Saddle of lamb with au jus reduction, purple artichokes and chickpea bread sticks is paired with a Chateau Cheval Blanc 1967

“I like Hong Kong so much I arranged a small typhoon to keep me here,” quipped Michael Fridjhon, shortly before the Hong Kong Observatory promoted Typhoon Hagupit from a Three to an Eight signal, this year’s fourth.

Fortunately there was just about time for lunch before my media colleagues and I beat a damp retreat for home. This took the form of a sneak preview of what must be considered Hong Kong’s food and wine event of the year, Dramatic Wine and Dine ‘08 at the InterContinental Hong Kong.

The three day event, taking place from Friday, November 21, to Sunday, November 23, which offers gourmets and oenophiles the opportunity to sample some truly extraordinary food and wine pairings, was Fridjhon’s idea.

One of South Africa’s leading wine writers – he is the author, among other works, of the Penguin Book of South African Wines and a contributor to the most authoritative reference books on the subject – Fridjhon is also an accomplished wine event organiser.

Since 1997 he has hosted an annual food and wine pairing weekend in Johannesburg called The Michael Fridjhon Wine Experience, currently in partnership with the Hyatt Regency Hotel there, attended by speakers from the leading French and Australian wine producers.

In 2005 he visited Hong Kong, and stayed at the InterContinental, where he was struck by the quality and variety of the restaurants and food styles. Something similar, he thought, might well work here.

“It seemed to me an opportunity to advance the idea of the Wine Experiences, which I had been hosting for several years previously, and to move the whole concept up a notch with an event that could provide indisputably the greatest wines of the world with an array of food styles – an event sympathetic to a much broader interpretation of what wine and food pairing is all about,” said Fridjhon.

The South African weekends have become highlights of the country’s special events calendar, partly because of the quality of the wines, but also because of the calibre of the speakers.

“My original thinking behind the concept of the Wine Experience was that people do not always have the opportunity of tasting the benchmark examples of the very best wines or wine styles.

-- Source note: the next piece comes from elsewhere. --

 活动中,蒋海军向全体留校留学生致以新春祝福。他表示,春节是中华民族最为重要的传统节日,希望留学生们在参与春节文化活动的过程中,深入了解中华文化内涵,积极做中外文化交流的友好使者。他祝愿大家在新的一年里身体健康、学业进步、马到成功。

Perhaps they get a single bottle, but not the opportunity to compare that bottle with other vintages, or with the wines of comparable producers, never really getting a real perspective on what that wine is about and why the best is indeed the best,” Fridjhon observed.

There isn’t much doubt that those attending the first InterContinental event – there are plans to stage it annually - will indeed be tasting the best. Speakers explaining their wines will include, from Bordeaux, Pierre Lurton, General Manager of both Chateau d’Yquem and Chateau Cheval Blanc; from Burgundy Thibault Liger-Belair of Domaine Thibault Liger-Belair and Bernard Hervet of Domaine Faiveley; and from Champagne François Hautekeur of Veuve Clicquot.

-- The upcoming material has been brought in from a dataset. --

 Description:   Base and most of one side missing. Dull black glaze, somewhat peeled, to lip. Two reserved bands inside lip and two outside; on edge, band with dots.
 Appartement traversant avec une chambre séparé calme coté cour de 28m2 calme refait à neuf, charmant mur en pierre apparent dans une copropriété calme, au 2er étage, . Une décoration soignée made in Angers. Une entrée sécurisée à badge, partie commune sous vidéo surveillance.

Fridjhon was keen to stress, however, that this event is just as much about the food as the wine.

“What has become the driving force behind this event in Hong Kong is the opportunity of pairing these wines with an extraordinary culinary range of opportunities,” he insisted.

Normally in pairings of food and truly fine wine, Fridjhon believes, the food is required to play second fiddle and provide little more than a background against which the wine can shine.

“What we are attempting here is something completely different. It is an equal marriage – a very modern concept – of two very strong partners. Wines with a lot of personality and a great deal to express served alongside cuisine which is cutting-edge, but also equally expressive. It is about pairing that shows the best of the food and the best of the wine,” he averred.

To this end some interesting experiments are being tried – most notably perhaps the surprising pairing of wines from Chateau D’Yquem with some of Nobu Matsuhisa and Hong Kong Nobu chef Oyvind Naesheim’s modern Japanese dishes, alongside “new style” (meaning cooked) sushi and sashimi, prepared by guest chef Kazuhiro Yokoyama, Head Chef of Nobu Tokyo.

Yquem is best known for lusciously sweet – and painfully expensive – wines, and it will be very interesting indeed to taste those paired with Japanese fresh seafood, the optimum match for which is currently generally thought to be dry champagne. Pierre Lurton will speak in his capacity as Chateau d’Yquem General Manager.

Hong Kong’s many Bordeaux lovers are likely to be particularly tempted by the opportunity to taste vintages of Château Cheval Blanc spanning five decades, paired with a menu of contemporary French cuisine created by Benoit Witz, the Michelin-starred chef of Hostellerie de l'Abbaye de la Celle, Alain Ducasse’s Cote d’Azur hotel. Lurton will speak again, this time wearing his Cheval Blanc hat.

The weekend’s final event will comprise a vertical tasting of seven vintages of Veuve Clicquot La Grande Dame – Clicquot’s cuvée de prestige - paired with seven different caviars, followed by yet more champagne with brunch.

François Hautekeur, winemaker at Clicquot, will conduct the tasting, as well as speaking about the legendary Madame Clicquot and her legacy.

It is, however, appropriately, the opening wine tasting and dinner on Friday 21st that truly sets the tone of the event. Taking the theme “Land & The Human Hand” two notable Burgundy proprietors will discuss in depth the sites and soils that produce their wines. Bernard Hervet of Domaine Faiveley and Thibault Liger-Belair of Domaine Thibault Liger-Belair will both speak.

“I have not gone for a style of wine. I have not pursued a New World commitment to cultivar or variety. I have gone for place,” said Fridjhon emphatically.

“I have gone for Yquem, which is distinct and different from Rieussec. I have gone for Cheval Blanc which is distinct and different from its very near neighbour Petrus. Place is the essence of what the wine selection has been about, and with that idea of place, where possible, the idea of evolution – that wine has a primary life, it has as it ages a secondary life, and finally it moves on to its tertiary stage and at that stage it is expressing the fullness of what the producer intended to achieve,” he explained.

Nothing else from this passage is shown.